De acuerdo a la cosmovisión mexica, al principio todo fue oscuridad, una gran noche. Un día Coatlicue, diosa de la vida y la muerte, quedó embarazada por acción y gracia de una bola de plumas. El gran dios Sol empezó a crecer en su panza, aguardando el momento de traer la luz al mundo. Enteradas, las hijas de Coatlicue -la Luna y las estrellas- corrieron celosas a impedir su nacimiento. Pero Coatlicue dio a luz y Huitzilopochtli llegó al mundo ya crecido. El dios Sol mató a la Luna y desterró a las estrellas, dando equilibrio a las tinieblas y creando así el día.
El equilibrio entre la noche y el día resulta fácil de explicar comparado al de la vida y la muerte. Baste decir que el inframundo mexica es un laberinto tremendo, compartimentado por tipo de muerte y muerto. En el caso de los guerreros, los aztecas pensaban que, al morir, acompañaban al dios Sol camino a su casa, un verdadero honor. Y allí quedaban, en un paraíso solar que compartían con las mujeres que perecían al dar a luz.

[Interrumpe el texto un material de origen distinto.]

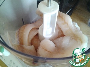 • Тем временем занимаемся рыбой. Мороженую сайду ( можно взять треску, хека, тилапию )моем, хорошенько отжимаем и перемалываем в комбайне или пропускаем через мясорубку с крупной решеткой. Делаем это по возможности оперативно. Почему?
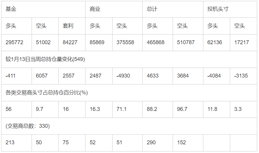 截止1月20日当周COX(纽约商品期货交易所)黄金期货分类持仓报告: 合约单位:(100金衡盎司的合同)总持仓量:528004
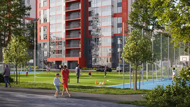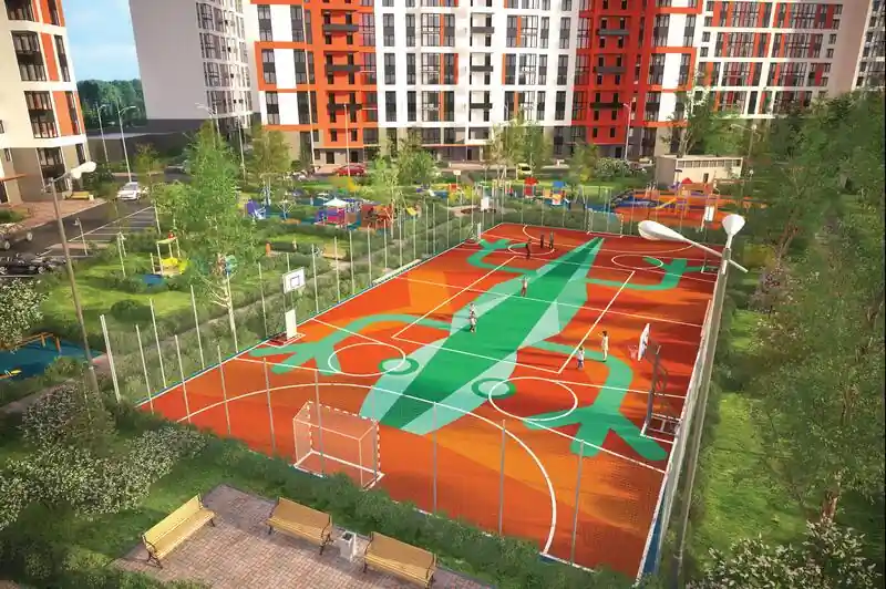 Жилой комплекс также предлагает различные спортивные и игровые площадки, где маленькие жители могут активно проводить время. Для автомобилистов предусмотрены паркинги. В шаговой доступности находятся кафе и магазины, что помогает жителям экономить время на повседневных покупках.
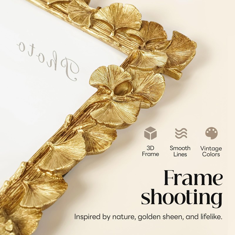 - VINTAGE DESIGN: The gold vintage frame and high-definition glass mirror design look very textured and suitable for your various home styles, whether it is country style or modern style. Make your home decoration more beautiful with the photo frame
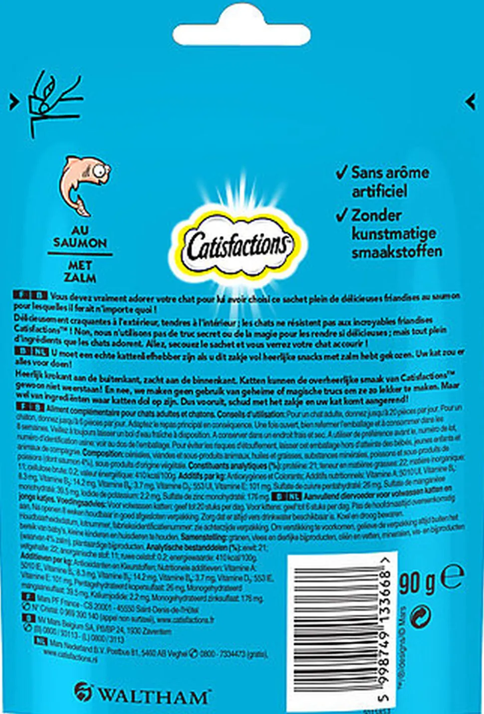 Aliment complémentaire pour chats adultes et chatons au saumon. Délicieuses friandises Catisfactions™ croustillantes à l’extérieur et avec un délicieux cœur tendre pour lesquelles les chats feraient n’importe quoi ! Moins de 2 kcal par friandise. Mis au point par nos nutritionnistes et vétérinaires du centre de Waltham, ces friandises sont sans arôme artificiel. Trouvez la saveur préférée de votre chat, secouez, et vous verrez votre chat accourir ! Les friandises pour chats Catisfactions™ sont disponibles en format sachet refermable pour une meilleure conservation.
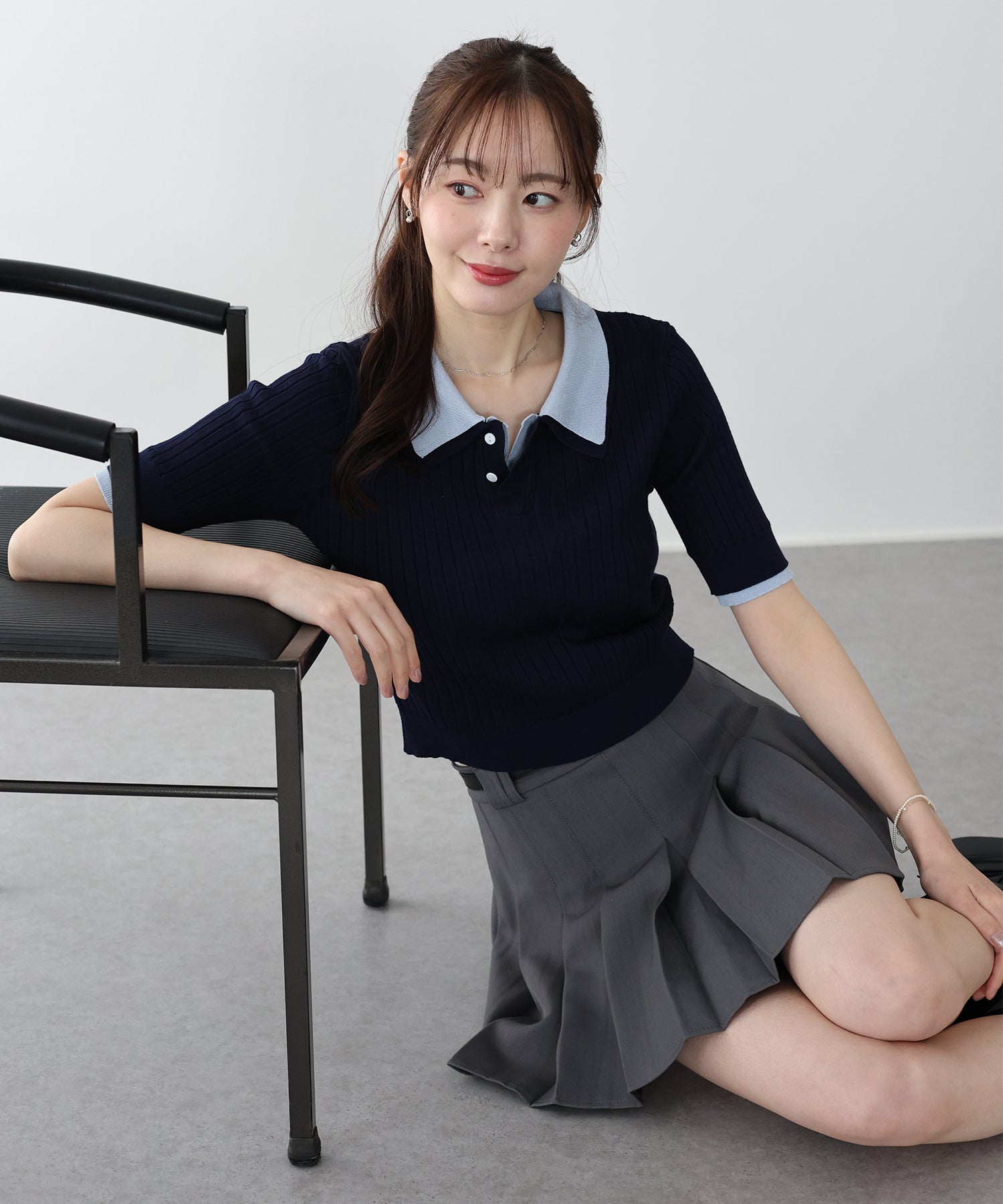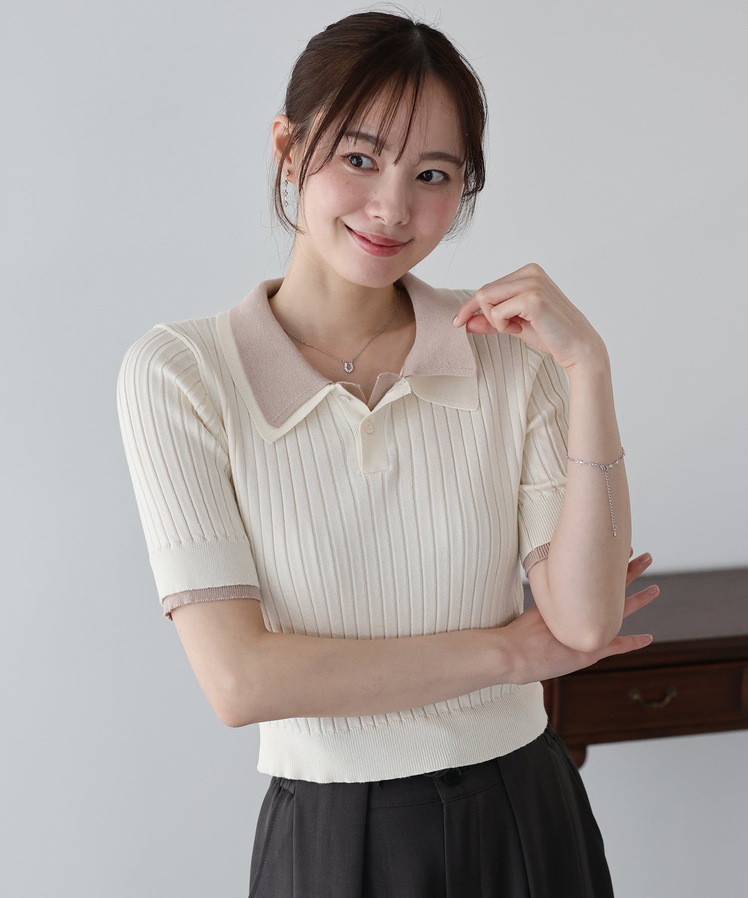 襟付きのポロデザインできちんと感を演出し、ボタンを開けるとカジュアルな抜け感がプラス◎
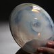 新竹師傅以無模具吹製而成,白色玻璃形成薄霧般的紋樣,細看可發現添加灰、綠、粉紅三種色調的玻璃,平面的盤子適合承裝切片蛋糕。
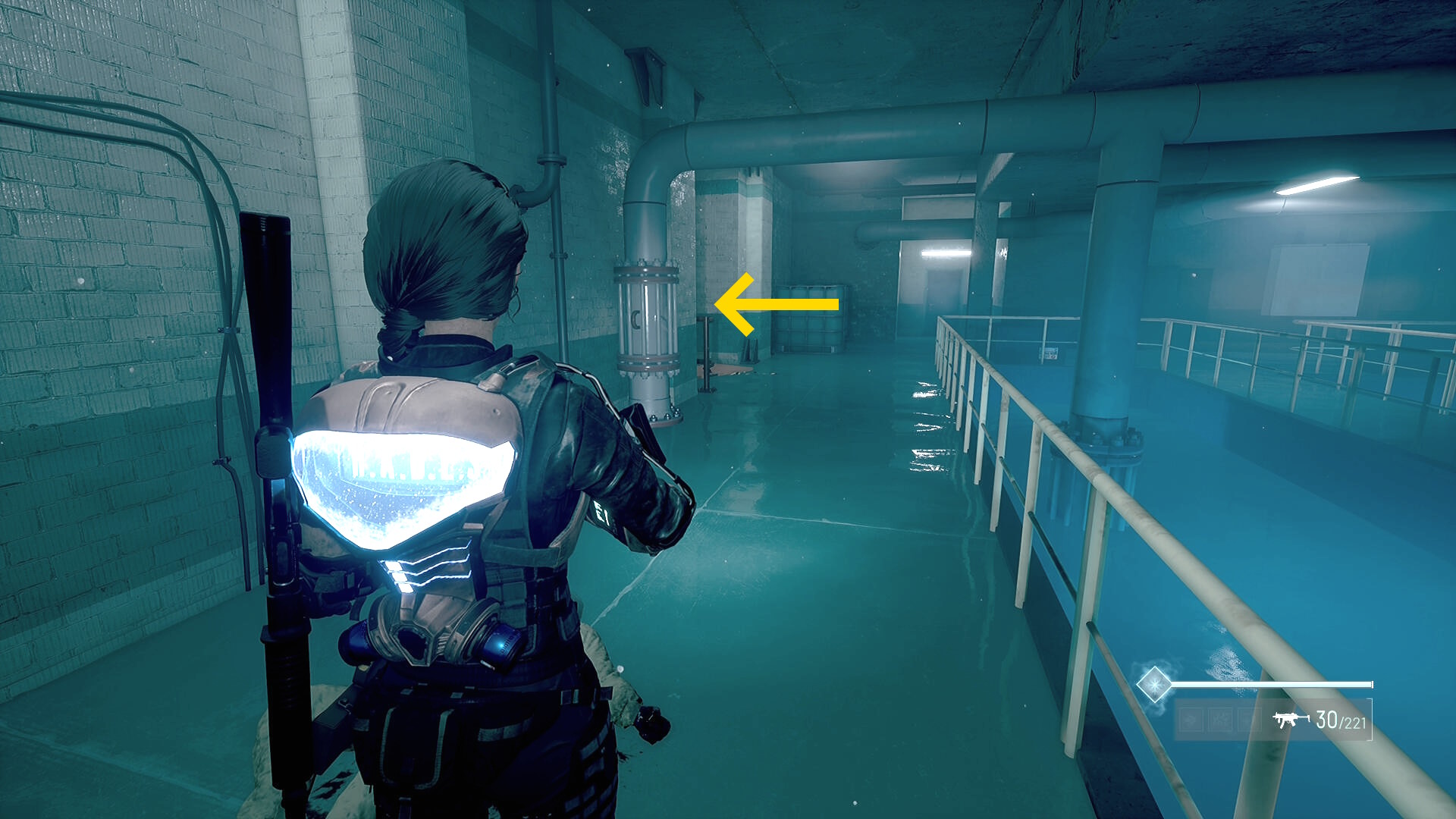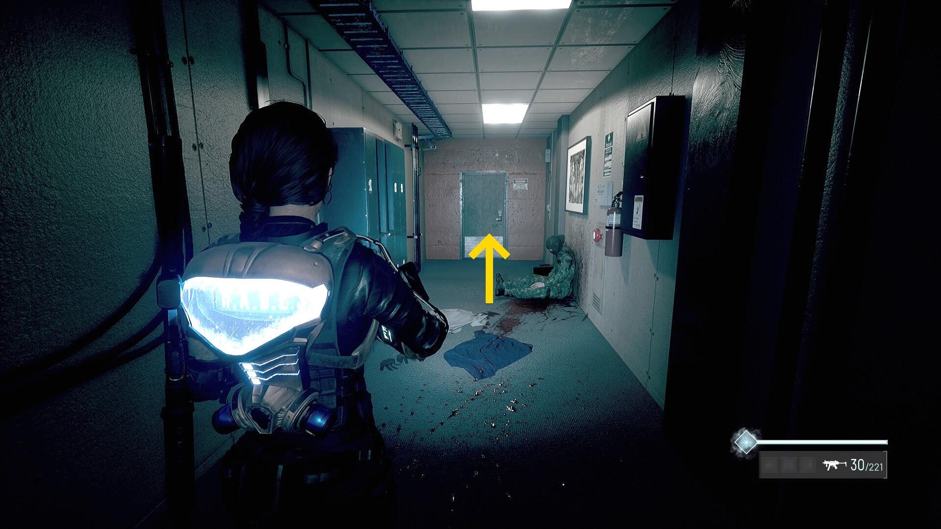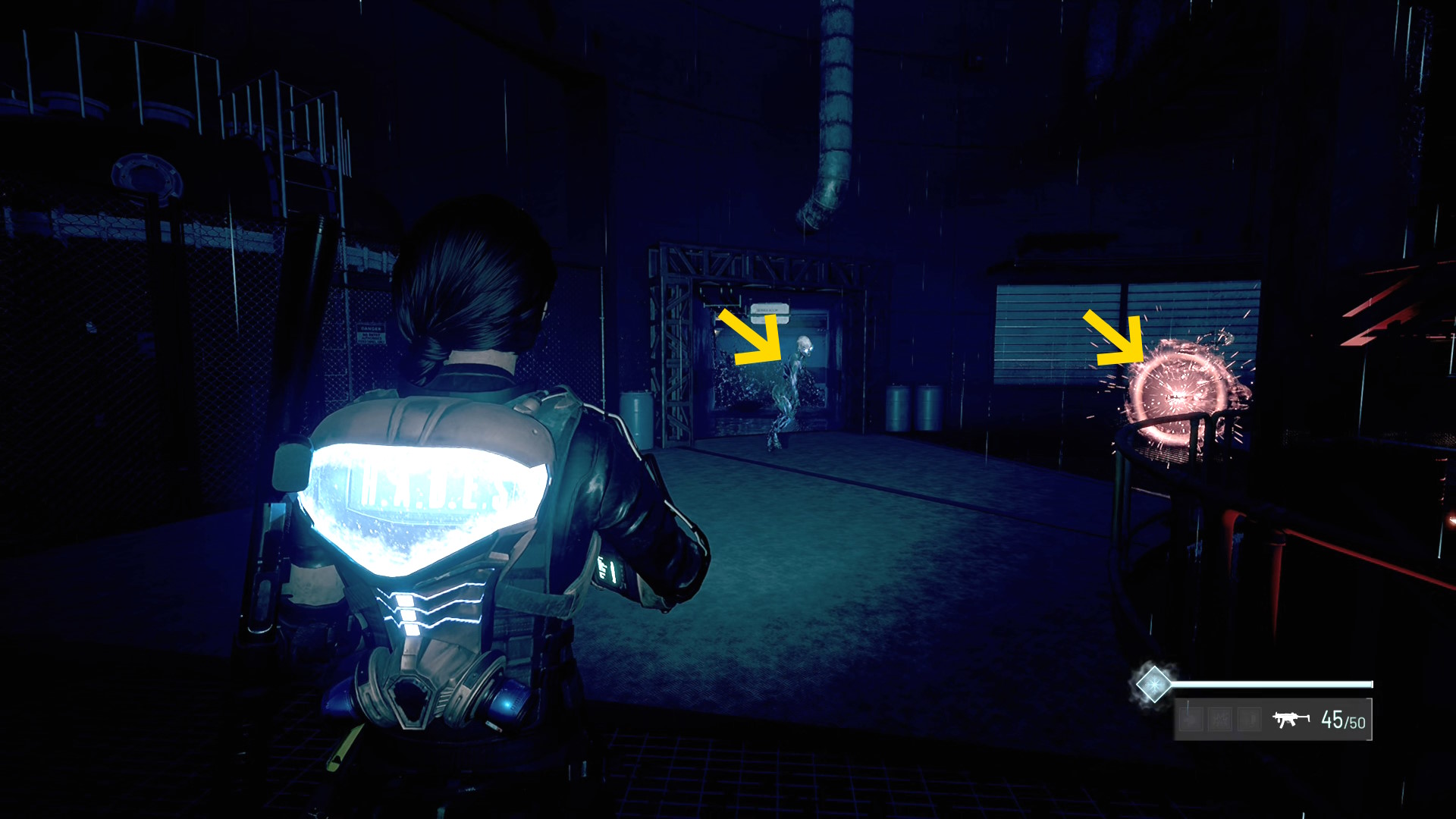 - コの字型の部屋を移動し突き当りのドアを開けるが、ドアを開けた右側面にデコイが隠れているので注意
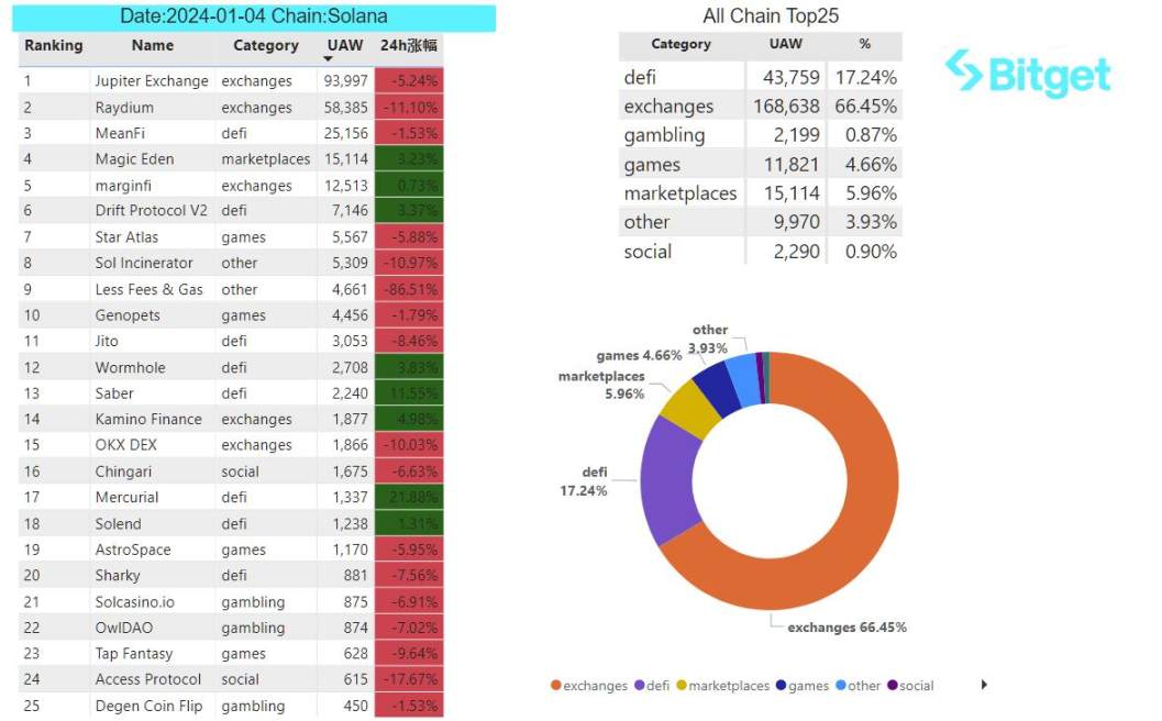 Jupiter Exchange(Dapp):Jupiter 联合创始人 Meow 表示,计划在一月底进行 JUP 代币空投,将于团队钱包中提取 10% 用于提供流动性,从社区钱包中提取 15% 用于首次空投以及早期社区活动需求,预计 JUP 创世首日将有 15%-17.5% 的代币进入流通,10%-7.5% 的代币处于热钱包存储状态,75% 的代币处于冷钱包存储状态。

Huitzilopochtli fue el primer guerrero azteca, vencedor en su batalla contra la oscuridad. De los 18 meses que componían el calendario mexica, el decimoquinto se lo dedicaban a él, coincidiendo con el solsticio de invierno. López Luján piensa que la ofrenda del lobo encaja justo ahí. Fue probablemente, dice, un rito en conmemoración del dios del Sol. Por eso el lobo apareció mirando al oeste, al ocaso, un recordatorio de su victoria frente a la Luna y las estrellas.
Igual que los católicos recuerdan a Cristo comiendo su cuerpo y bebiendo su sangre, los sacerdotes mexicas, explica el arqueólogo, recordaban así a Huitzilopochtli, con un lobo ataviado de guerrero, junto a otras joyas típicas de sus hermanas vencidas -una nariguera y unas orejeras de oro-, un lobo mirando a occidente.